A Government report calling for JobCentres to use a new wave of short-term employment services to build skills among the unemployed has been criticised as “just another way to get the claimant count down” by a Labour MP.

A report into how the UK can become a global leader in the so-called “sharing economy”, commissioned by the Business and Enterprise Minister Matt Hancock in September and published today, includes the recommendation that JobCentres use services such as TaskRabbit and People-per-Hour to help unemployed people build up their CVs.
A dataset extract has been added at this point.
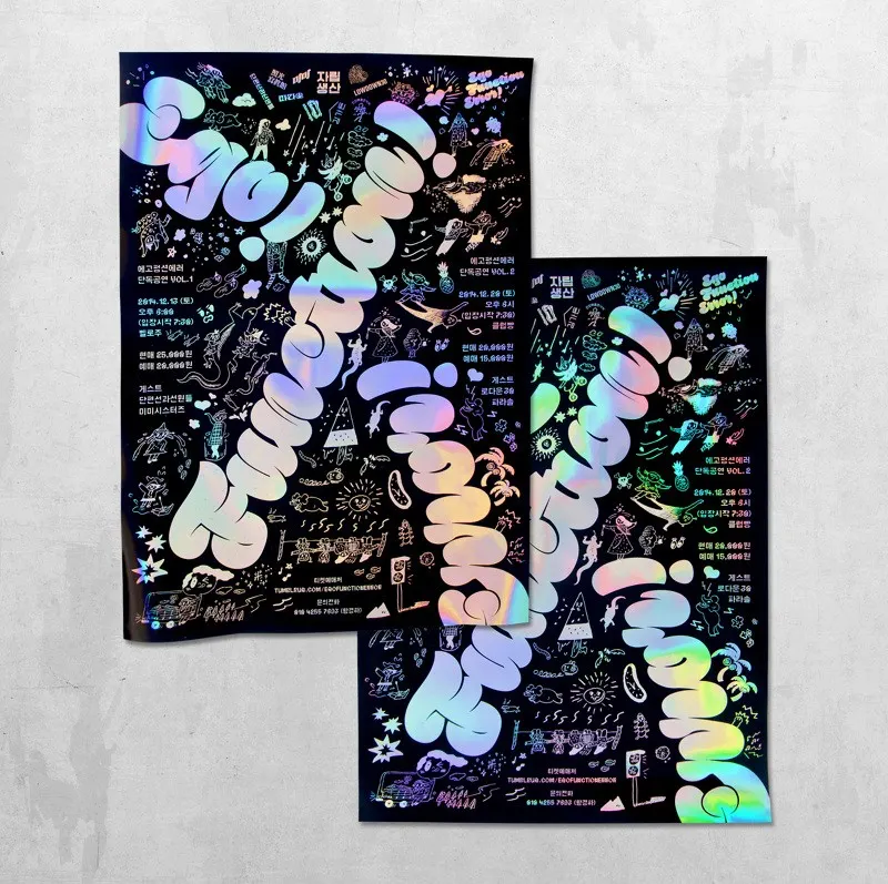 이 : 에고펑션에러의 포스터는 저희에게 굉장히 의미가 있어요. 보시는 것처럼 홀로그램방식으로 인쇄를 했거든요. 쇼케이스 전에 이 포스터를 여기저기 많이 붙였는데 사람들이 마음에 들었는지 전부 떼어가셨어요. 이 포스터가 인기가 많아지면서 저희 스튜디오에 홀로그램 방식의 작업을 의뢰하시는 경우도 늘어났지요. 어떻게 보면 저희 아이덴티티가 된 첫 번째 작품과 같아서 굉장히 의미 있고 고마운 포스터예요.

These platforms offer short term contracts to do everything from someone else’s shopping to designing an advert. They fall under the umbrella of the “sharing economy”, a loose term for businesses and platforms that allow people to make money from skills or assets through short-term rental or contracts. The most famous example is Airbnb, which lets people rent their flats when they are away.

But Alison McGovern, a Labour MP, expressed concerns about the recommendations, telling The Independent: “The Tories in Government have consistently underestimated the negative impact of the zero-hours culture on the UK labour market, and this is another example. I also worry this will become just another way to get the claimant count down, rather than help people find the work they want.

“Job Centre Plus have a vital role in helping people find work, but that help should be based on the sustainable employment people are asking for.”

The Government will respond in full to report in early 2015, but there is speculation that some of the recommendations could be included in the Autumn Statement. Other recommendations in the report, written by Debbie Wosskow, founder of property swap business LoveHomeSwap, include the creation of a tax framework for sharing businesses and for Whitehall to lead by example by using businesses such as Zipcar and Airbnb for transportation and accommodation of civil servants and ministers.